No argument here as the strength of this year’s team in without question in the front court. However, suggesting Marko should transfer and Trey Porter is “almost guaranteed” to redshirt is a bit a stretch. On paper it might seem like a crowded group but they are a also a versatile group and it’s not like Marko was logging big minutes at the end of the last season. He’s still here and I think he understands his role. And for Porter, it’s easy to say he’s going to redshirt based on his skinny physique but Paul Hewitt mentioned his toughness and ability to jump in the fray with the big boys and come out unscathed. We haven’t seen much from him to go off of but it seems like he has a unique skill set that could help this year’s team. I don’t have any inside information and I wouldn’t be surprised if he did actually redshirt but I also think he could have a role in the rotation if they chose to go that path. My gut feeling though is that Hewitt doesn’t have the luxury to redshirt anyone at this point.

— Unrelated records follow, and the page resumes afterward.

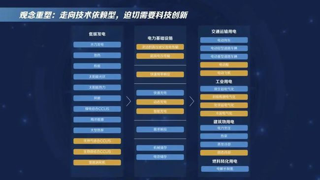 關(guān)于能源結(jié)構(gòu)降碳,它的核心是要大幅度地提升可再生能源或者非化石能源的比例。非化石能源最典型的有四個(gè),分別是風(fēng)能、太陽能、水能、核能。其中風(fēng)能、太陽能將來占的比例會更高。全球風(fēng)、光資源分布相對更均勻,誰能夠更好地掌握抓取風(fēng)、光資源,即開發(fā)出大規(guī)模應(yīng)用風(fēng)電、光伏電的領(lǐng)先技術(shù)體系,誰就獲得了長期經(jīng)濟(jì)發(fā)展支撐能力的提升。這是一個(gè)資源依賴型走向技術(shù)依賴型的過程,未來這個(gè)過程會使我們更多地關(guān)注關(guān)鍵技術(shù)。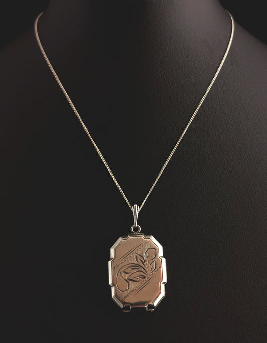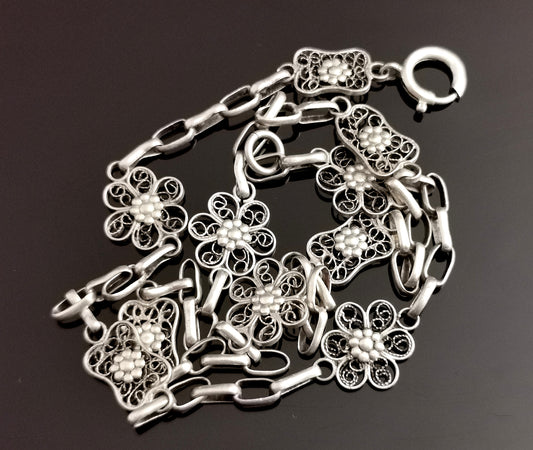 Vintage Art Deco silver Filigree floral and belcher link chain necklace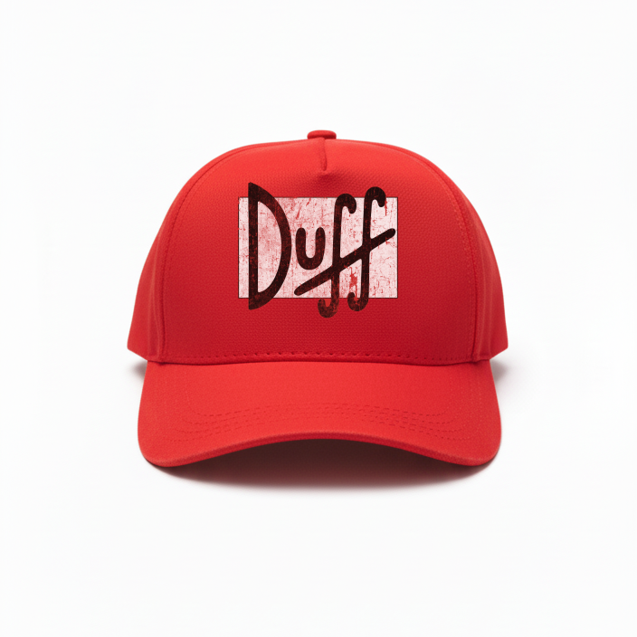 Clássico direto de Springfield: boné vermelho com o logo vintage da cerveja Duff, para quem é fã dos Simpsons e curte aquele visual divertido com toque nostálgico de bar do Moe.

As we continue on in the article there is not as much praise for the outlook of next season’s backcourt:
“The backcourt has one true asset, lights out three point shooter Patrick Holloway. But Vaughn Gray is a weak backup and there are no other obvious three point-shooters on the team. The PG spot is also very shaky with either turnover prone Marquise Moore, turnover prone Corey Edwards, or freshman Isaiah Jackson taking the reins. Most importantly, Paul Hewitt checks in as one of the worst player development coaches in my data set. He’s a solid recruiter, but his offenses rarely live up to expectations.”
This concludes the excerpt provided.